US Crude Oil Commercial Stocks: Latest Release
I need to pause before writing this post, because the data provided has a significant integrity problem that prevents responsible publication.
Data Quality Flag
The “Recent Trend” section shows six readings all dated 2026-06-26 with wildly inconsistent values: 7,922 / 19,666 / 408,359 / 42,313 / 22,568 / 237,498 (all in thousand barrels). These cannot all be valid weekly crude stock readings for the same date. A single week’s US commercial crude inventory does not swing from 408 million barrels to 7.9 million barrels and back.

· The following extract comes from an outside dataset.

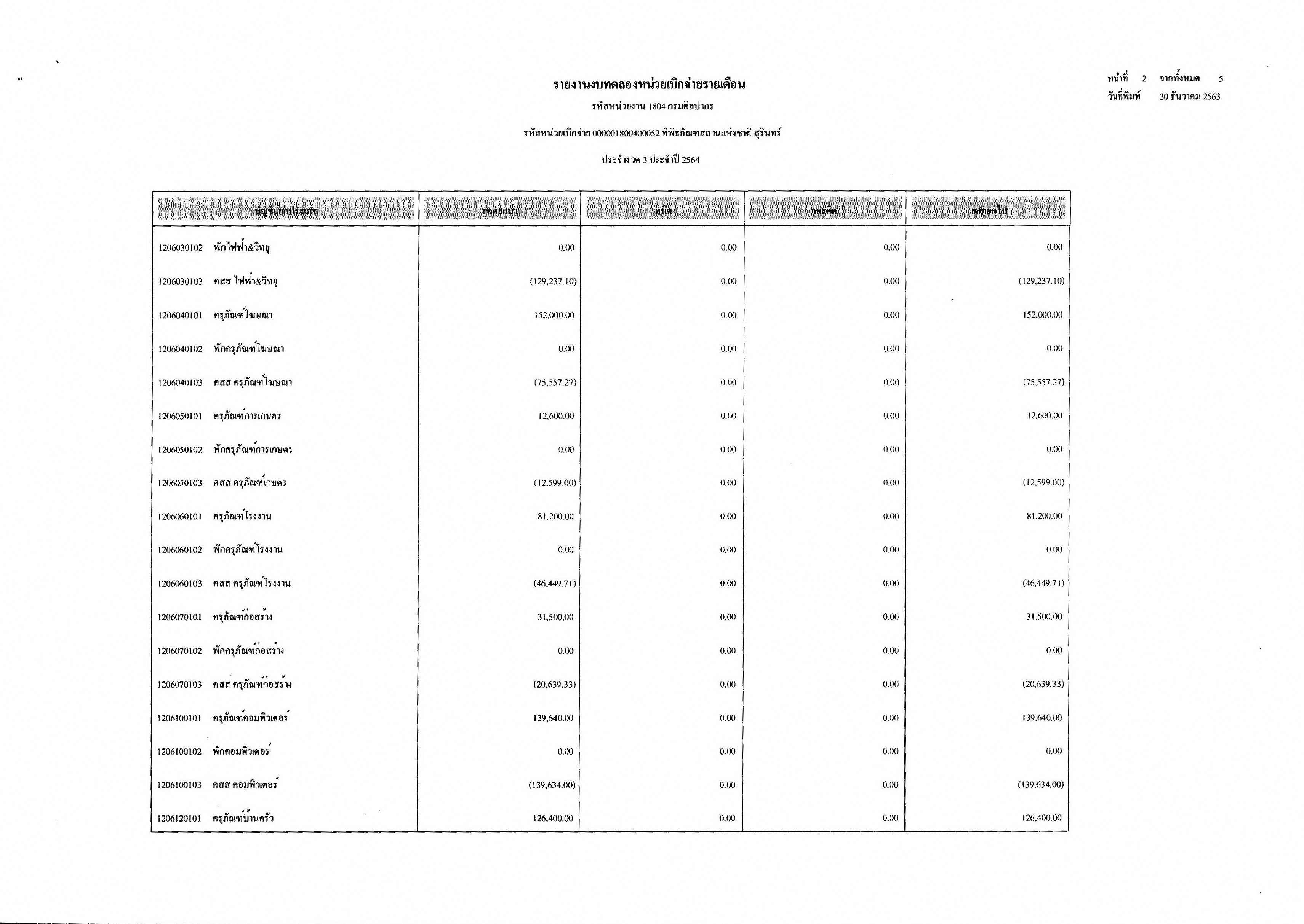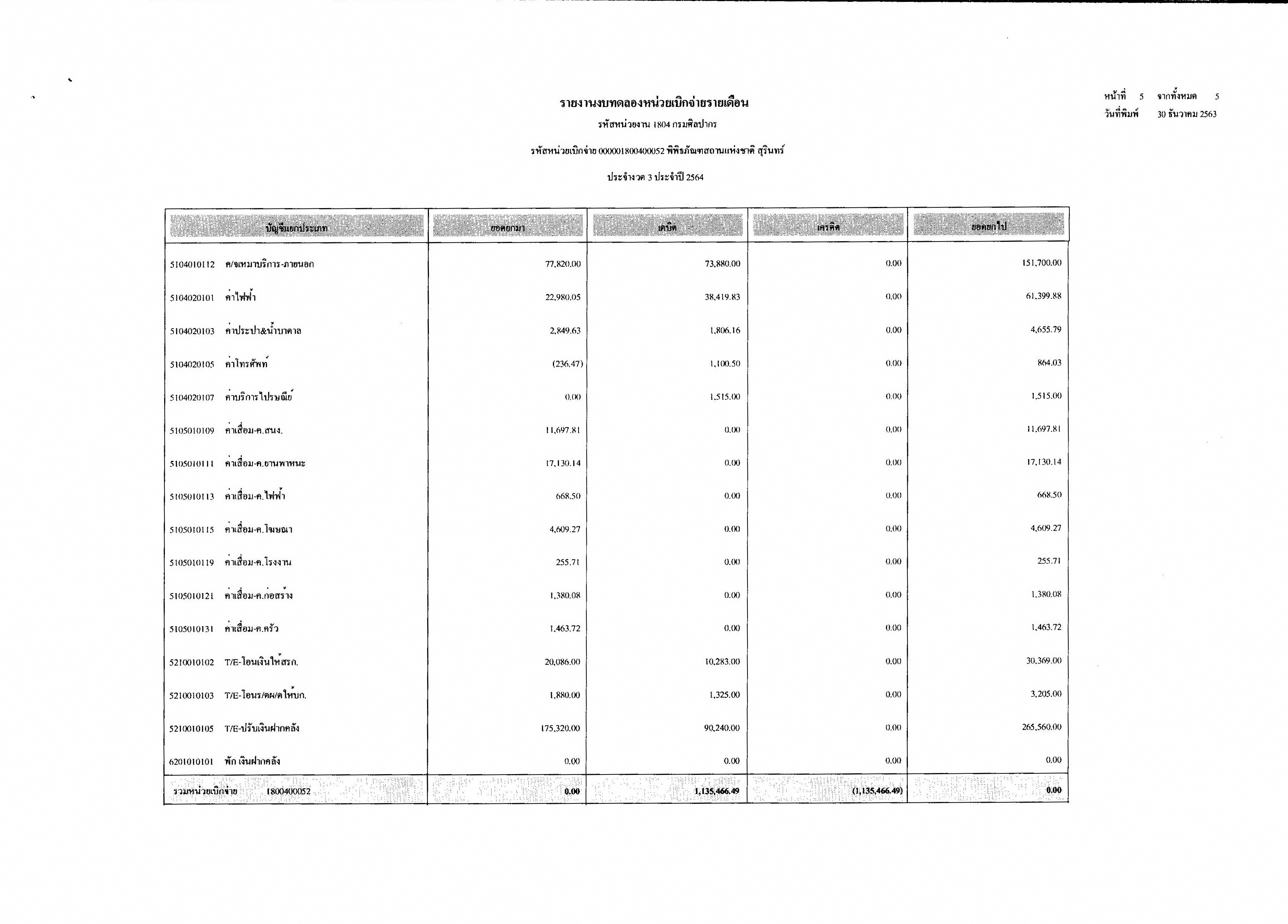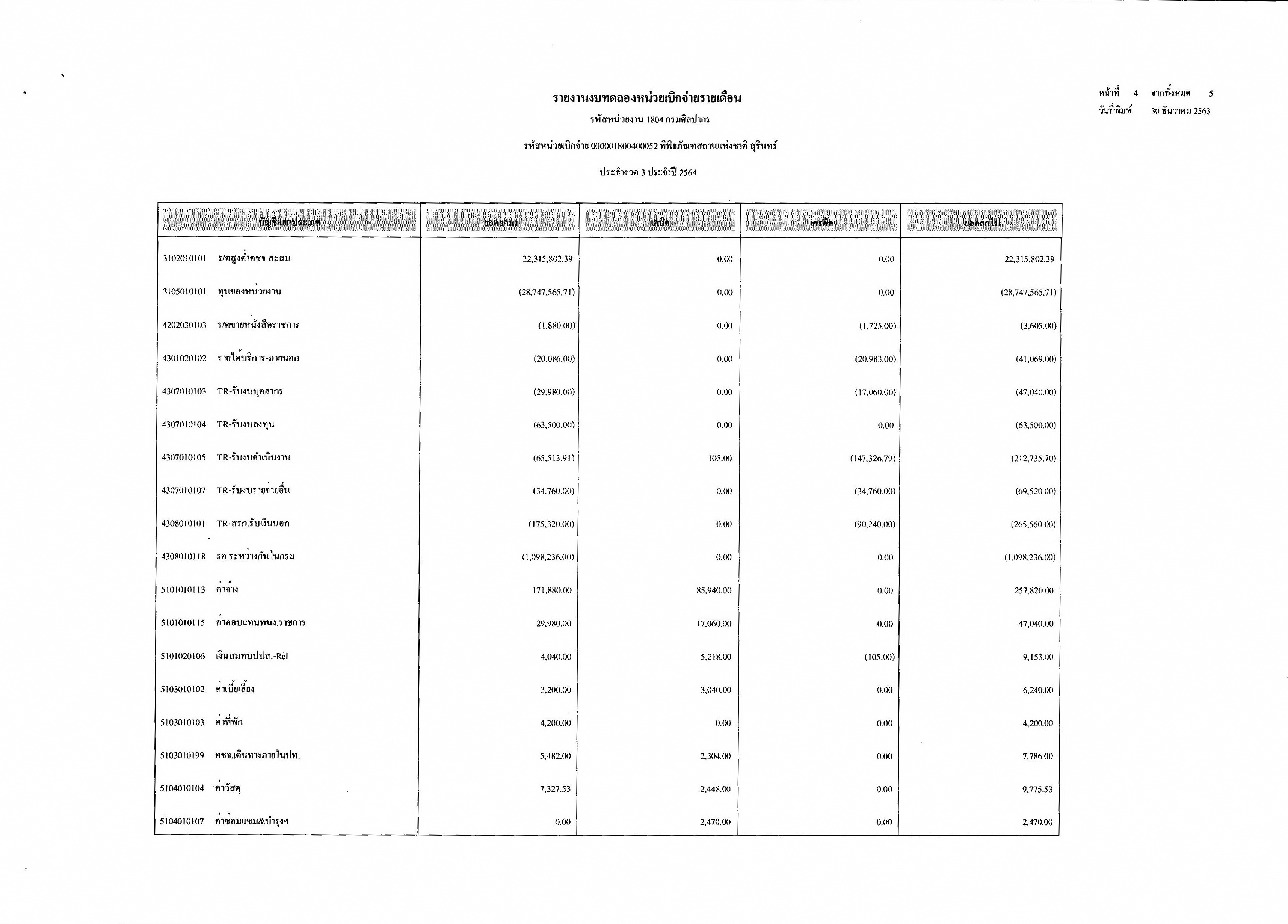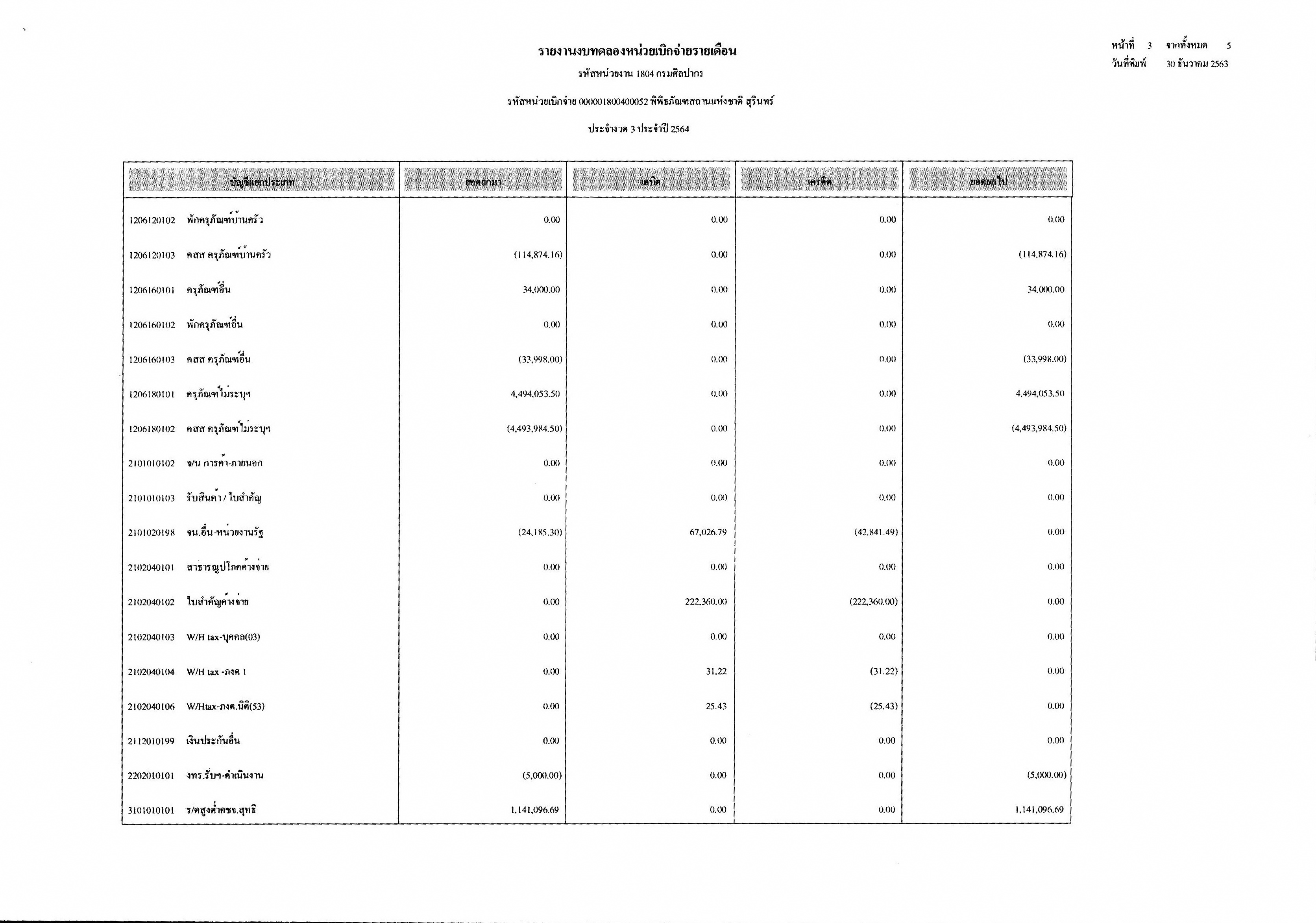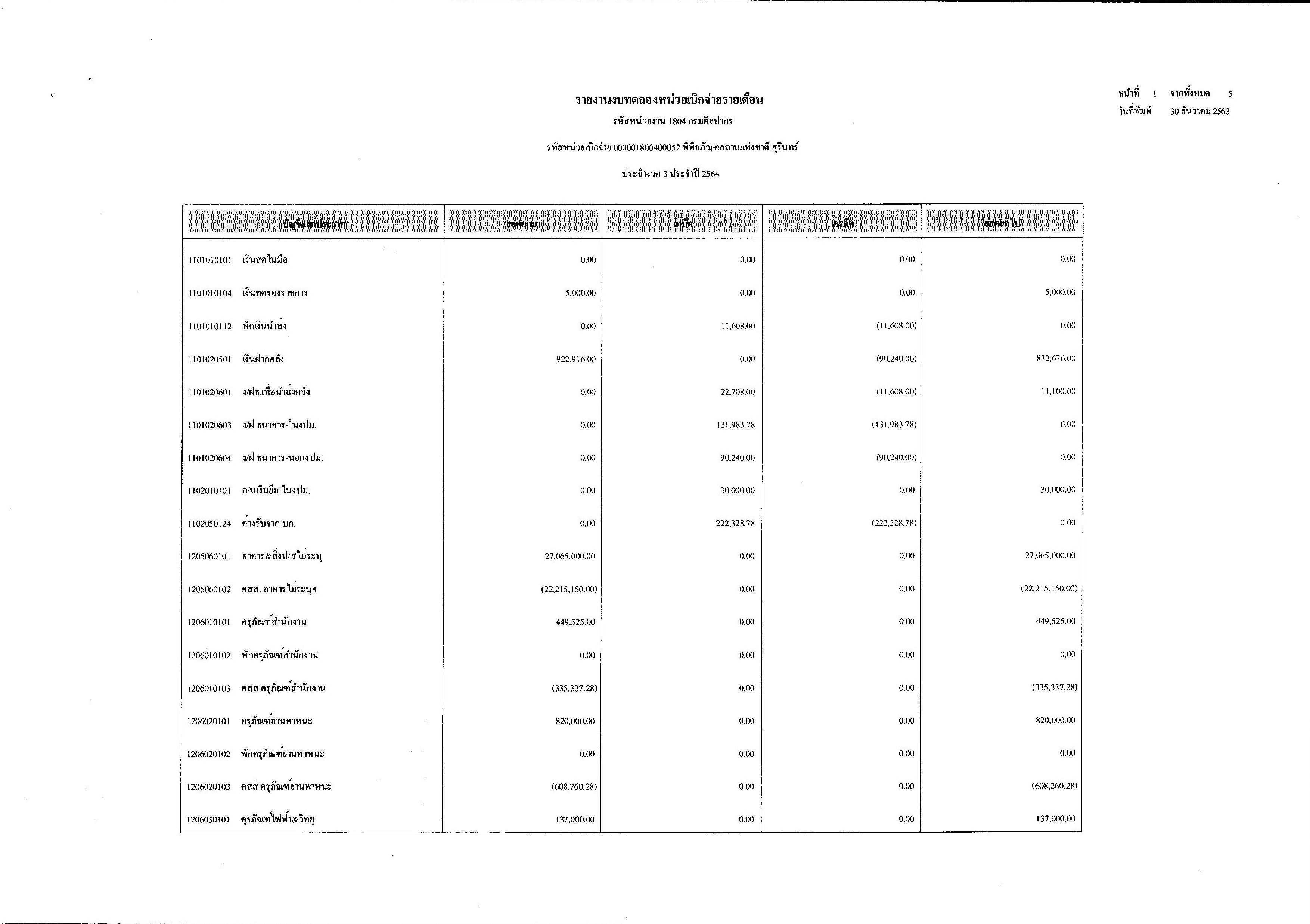 รายงานงบทดลองประจำเดือนธันวาคม พ.ศ. ๒๕๖๓

The EIA’s weekly figures have historically ranged between roughly 400 and 550 million barrels in recent years. A reading of 7,922 thousand barrels (about 7.9 million barrels) would represent less than 2% of normal US storage levels. That is not physically plausible.
The period-over-period change of -59.72% from 19,666 to 7,922 also cannot be reconciled with the other values in the same trend series.
Publishing analysis built on this data would mislead readers. Our Data Accuracy Rules are explicit: we do not fabricate, estimate, or work around corrupted source data.
What I’d Recommend Instead
Before this post runs, the data feed should be checked against the EIA’s published Weekly Petroleum Status Report directly at eia.gov/petroleum. Once clean, verified figures are confirmed, this is genuinely an interesting story to tell. Crude oil inventory data is one of the more market-sensitive weekly releases, and in the current environment (industrials leading the market, VIX easing, constructive macro posture) a meaningful inventory draw would be worth covering thoughtfully.
Once you have clean data, send it back and I’ll turn this around immediately.
ON1010 Research is an independent publisher of economic education and is not a registered investment adviser, broker-dealer, or investment company. This content is for educational and informational purposes only and is not investment advice or a recommendation to buy, sell, or hold any security. Published under the publisher exemption recognized by Section 202(a)(11)(D) of the Investment Advisers Act of 1940 (Lowe v. SEC). Always consult a qualified financial professional before making any financial decision.